ICYMI – Marion Marauder tested sick after Breeders Crown
by Dave Briggs
Trainer Mike Keeling told Harness Racing Update Tuesday morning (Nov. 1) that Trotting Triple Crown winner Marion Marauder tested sick after fading to last in Saturday’s (Oct. 29) $500,000 Breeders Crown final for three-year-old trotting colts at the Meadowlands won by Bar Hopping.
Keeling, who trains Marion Marauder (Muscle Hill—Spellbound Hanover) with his wife, Paula Wellwood, said driver Scott Zeron told him them after the race that, “‘At the half, I had no horse. He was just loose-lining and he’s never done that before.’ He just didn’t perform well.
“We brought him off the track and physically, you couldn’t see anything. He just didn’t seem himself and he was slow recovering and he’s always really quick to recover.”
Keeling said the next morning their New Jersey vet pulled some blood and discovered Marion Marauder “had a quite elevated white count and his liver and kidney function were out of normal range and he said that points toward a viral infection. The vet said, ‘These are the ones that haunt you because they don’t manifest themselves until they’re racing.’ You don’t know until they have to perform at 100 per cent and they can’t because they have a viral infection. He said, ‘Physically, you won’t see it and they won’t have a temperature and they won’t look different to you. Just their body isn’t capable to function at 100 per cent.’”
The loss put a damper on a terrific year in which Marion Marauder won the Hambletonian, Yonkers Trot and the Kentucky Futurity, among other stakes, posted a record of 10-3-0 in 15 starts, set a mark of 1:51.3 and earned $1,484,532 for Wellwood’s mother, Jean Wellwood, and Paula and Keeling’s son, Devin Keeling.

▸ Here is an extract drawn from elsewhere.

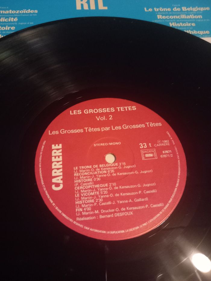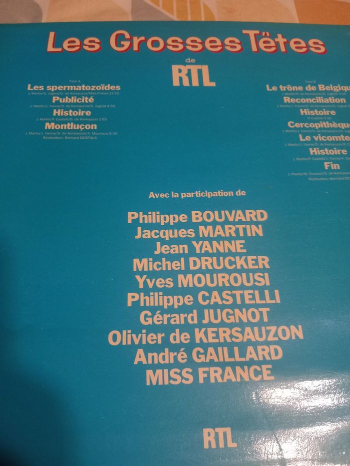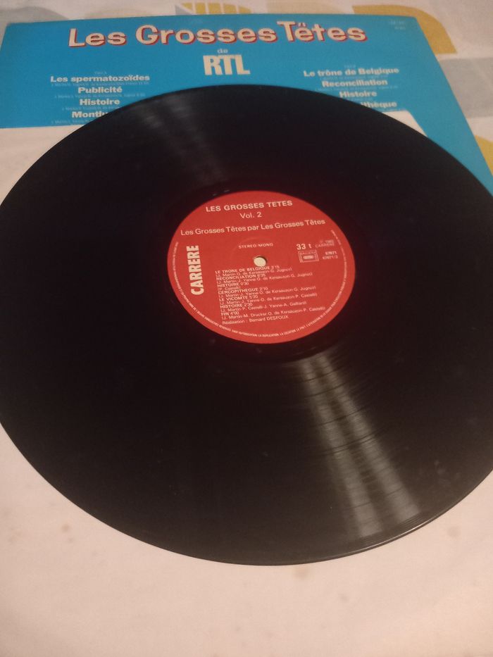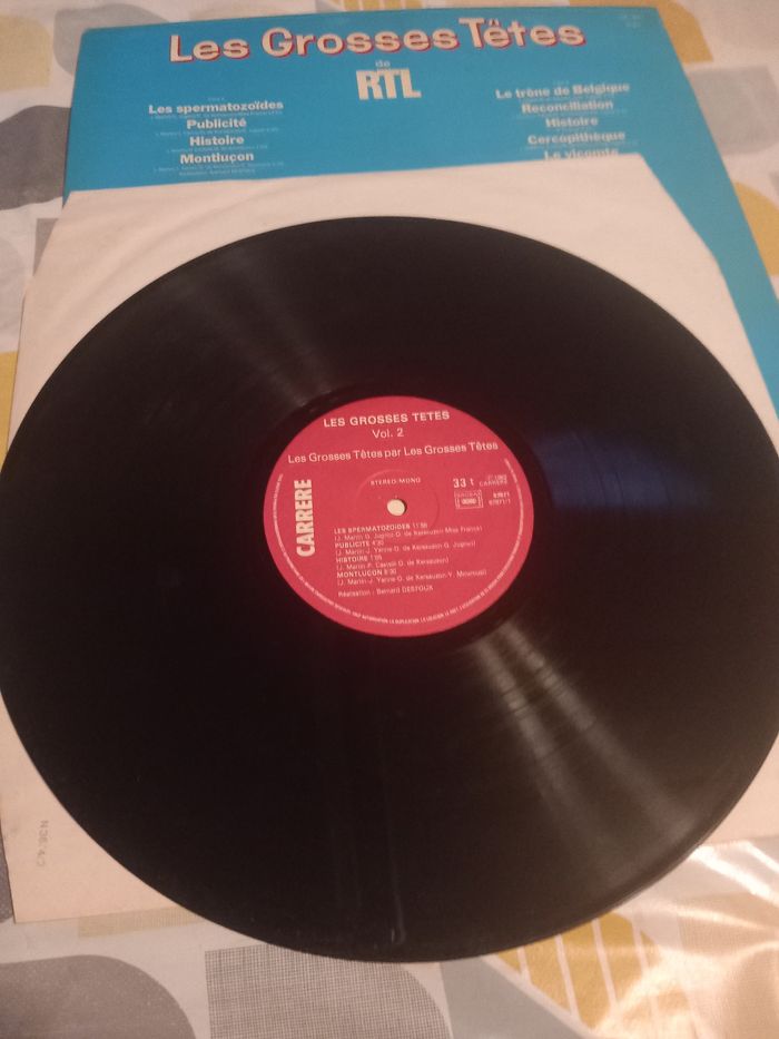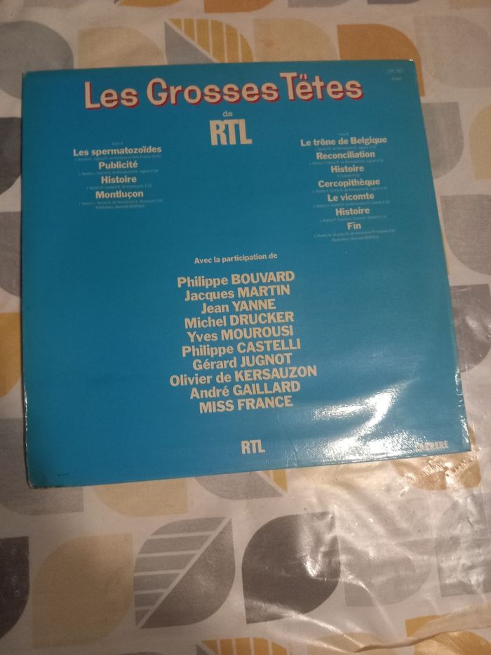 Disque vinyle 33 tours Titres : les grosses têtes de RTL Face A 4 titres Face B 7 titres En bon état

“It was a bitter pill to swallow (Breeders Crown) night, but we weren’t long getting over it,” Mike said. “As long as he was fine and he was still happy and himself, that was all that mattered. He still trotted in :53. That tells you how tough it is at that level. They have to be at or near 100 per cent every start. It’s just crazy competitive.”

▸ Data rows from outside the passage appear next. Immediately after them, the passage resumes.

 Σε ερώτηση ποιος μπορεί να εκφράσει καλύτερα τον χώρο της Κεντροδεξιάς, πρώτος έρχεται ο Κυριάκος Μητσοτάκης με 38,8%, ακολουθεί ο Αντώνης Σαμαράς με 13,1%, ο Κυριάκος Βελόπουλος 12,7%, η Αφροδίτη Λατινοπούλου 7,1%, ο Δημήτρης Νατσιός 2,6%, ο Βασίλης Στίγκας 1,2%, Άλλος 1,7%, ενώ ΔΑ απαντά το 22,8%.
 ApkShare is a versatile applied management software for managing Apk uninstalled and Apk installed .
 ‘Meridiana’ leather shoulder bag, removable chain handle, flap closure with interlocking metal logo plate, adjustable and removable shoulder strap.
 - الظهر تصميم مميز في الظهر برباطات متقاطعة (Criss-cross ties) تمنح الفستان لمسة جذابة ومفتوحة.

Mike said Marion Marauder’s season is over and no decision has been made, yet, about the colt’s future.
“The Breeders Crown was always his last race of the year and that’s why we raced through it. Most people said, ‘You should just end the season after the Triple Crown.’ We said, ‘No, we’ve stuck to his schedule.’ Other than throwing in the Kentucky Futurity, we had a plan for him and the plan was to race him through the Breeders Crown before we made any decisions about anything. We did. It just didn’t work out the way I had dreamed it in my head… He’s now on a well-deserved holiday.

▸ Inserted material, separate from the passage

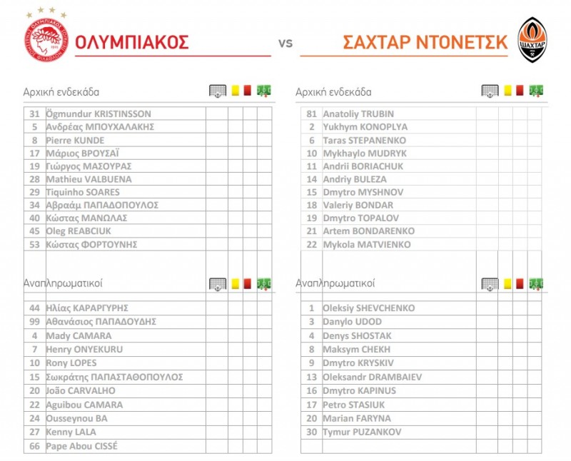 Ο Ολυμπιακός στο πρώτο ημίχρονο είχε ελαφρά υπεροχή. Δεν είχε πολλές φάσεις, κλασσικές ευκαιρίες που λέμε, αλλά είχε την υπεροχή, σε σχέση με τη Σαχτάρ, την οποία για μεγάλο διάστημα του πρώτου ημιχρόνου, κρατούσε στο δικό της μισό. Το γκολ του Τικίνιο στο 22’, σεντερφορίσιο γκολ, έδωσε στον Ολυμπιακό δίκαιο προβάδισμα. Λίγο μετά, στο 28’, ο Μπουχαλάκης βγήκε, καθώς είχε ενοχλήσεις. Νωρίτερα είχε αποχωρήσει ο Κονόπλια, για τον ίδιο λόγο.
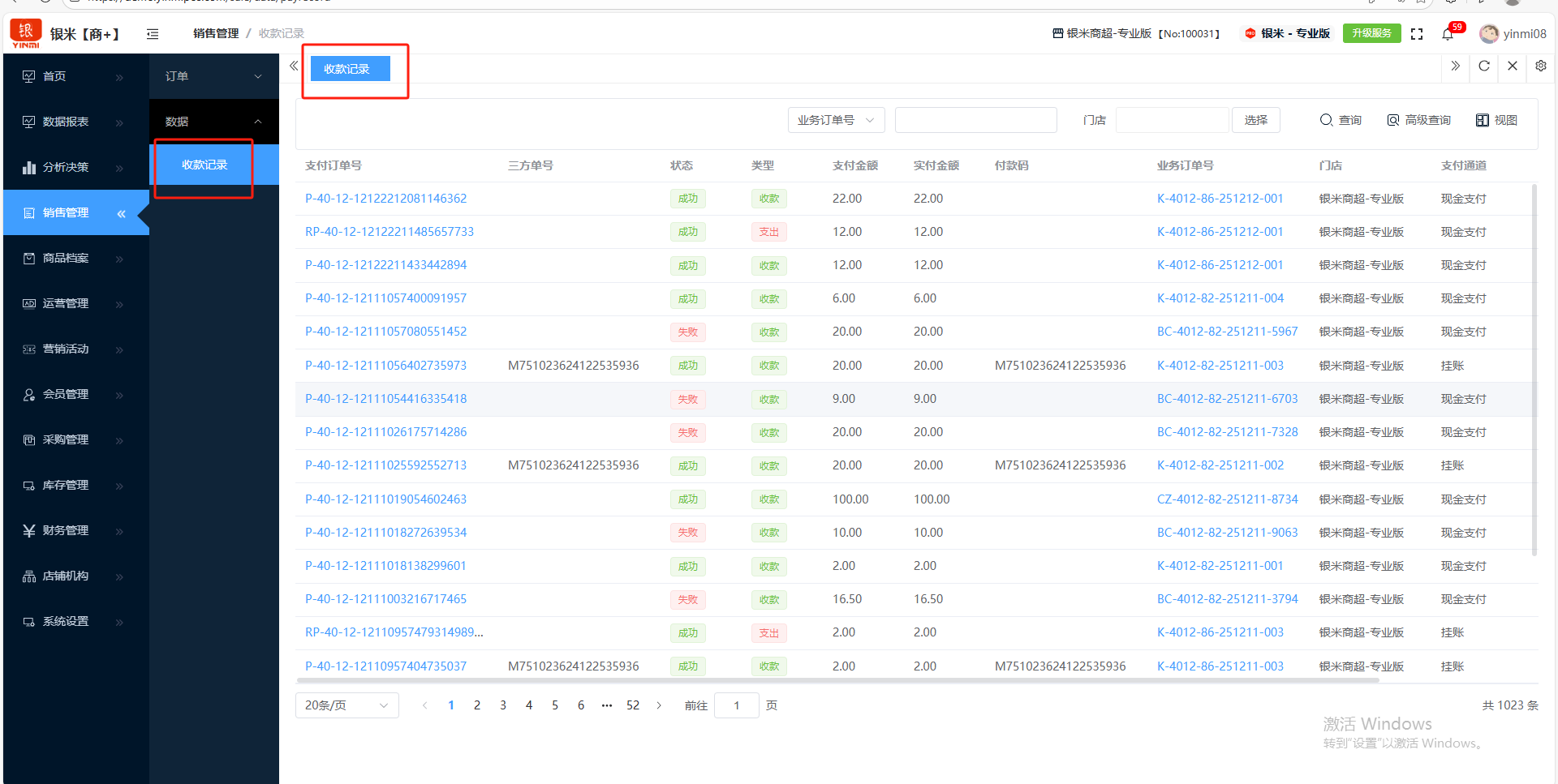 ## 收款记录 收款记录是收银系统中记录每一笔资金成功流入的、不可更改的明细流水,它是财务对账、资金追溯和报表生成的原子数据。包含:支付订单号、状态、类型、支付金额、实付金额、业务订单号等。 如图所示  1、点击“支付订单号”、进入“支付订单”查看详情。如图所示  2、点击“业务订单号”,进入“收银订单”查看详情。如图所示

“In hindsight, we got lucky that it didn’t happen in August (in the Hambletonian). This could happen to anybody. Horses get sick. They’re not machines. I was just kind of shocked in the moment, thinking, ‘Wow, we’re getting the trip we want and he’s not keeping up. That’s not Marauder.’ It was obvious to the world that something was not right, but it wasn’t soundness or anything. It was just purely a sickness issue.”